In the first plot, we fit cubic splines with 2, 4, 6, 8, 10, and 12 knots to the data. As the number of knots increases, the model becomes more flexible and better able to fit the training data. With only 2 knots, the model is quite smooth and underfits the data, capturing only broad trends but missing the detailed structure of the true underlying function. With 4 or 6 knots, the model begins to capture more of the data’s structure, balancing the bias-variance trade-off effectively. However, as we increase the number of knots to 10 and 12, the model becomes too flexible. It starts to fit the noise in the training data, producing a curve that adheres too closely to the data points. This is a classic case of overfitting: the model fits the training data very well, but it no longer generalizes to new data.

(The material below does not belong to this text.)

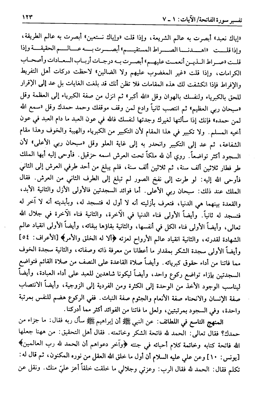«إياك نعبد» أبصرت به عالم الشريعة، وإذا قلت «وإياك نستعين» أبصرت به عالم الطريقة، وإذا قلت «اهدنا الصراط المستقيم» أبصرت به عالم الحقيقة وإذا قلت «صراط الذين أنعمت عليهم» أبصرت به درجات أرباب السعادات وأصحاب الكرامات، وإذا قلت «غير المغضوب عليهم ولا الضالين» لاحظت دركات أهل التفريط والإفراط فإذا انكشفت لك هذه المقامات فلا تظن أنك قد بلغت الغايات بل عد إلى الإقرار للحق بالكبرياء ولنفسك بالهوان وقل «الله أكبر» ثم انزل من صفة الكبرياء إلى العظمة وقل «سبحان ربي العظيم» ثم انتصب ثانيا وادع لمن وقف موقفك وحمد حمدك وقل «سمع الله لمن حمده» فإنك إذا سألتها لغيرك وجدتها لنفسك فالله في عون العبد ما دام العبد في عون أخيه المسلم. ولا تكبير في هذا المقام لأن التكبير من الكبرياء والهيبة والخوف وهذا مقام الشفاعة، ثم عد إلى التكبير وانحدر به إلى غاية العلو وقل «سبحان ربي الأعلى» لأن السجود أكثر تواضعا

In the second plot, we observe the training error and test error as the number of knots increases. As expected, the training error consistently decreases as the number of knots increases, since a more complex model can fit the training data better. However, the test error tells a different story. Initially, the test error decreases as the model becomes more flexible, indicating that the model is learning meaningful patterns from the data. But after a certain point, the test error begins to increase, signaling overfitting.

This is a key insight into the bias-variance trade-off. While adding more complexity (in this case, more knots) reduces bias and improves fit on the training data, it also increases variance, making the model more sensitive to fluctuations and noise in the data. This results in worse performance on test data, as the model becomes too specialized to the training set.

The example clearly demonstrates how overfitting can occur when the model becomes too complex. In practice, it’s important to find a balance between underfitting (high bias) and overfitting (high variance). Techniques such as cross-validation, regularization, or limiting model complexity (e.g., setting a reasonable number of knots in spline regression) can help manage this trade-off and produce models that generalize well to unseen data.

By tuning the number of knots or other model parameters, we can achieve a model that strikes the right balance, capturing the true patterns in the data without fitting the noise.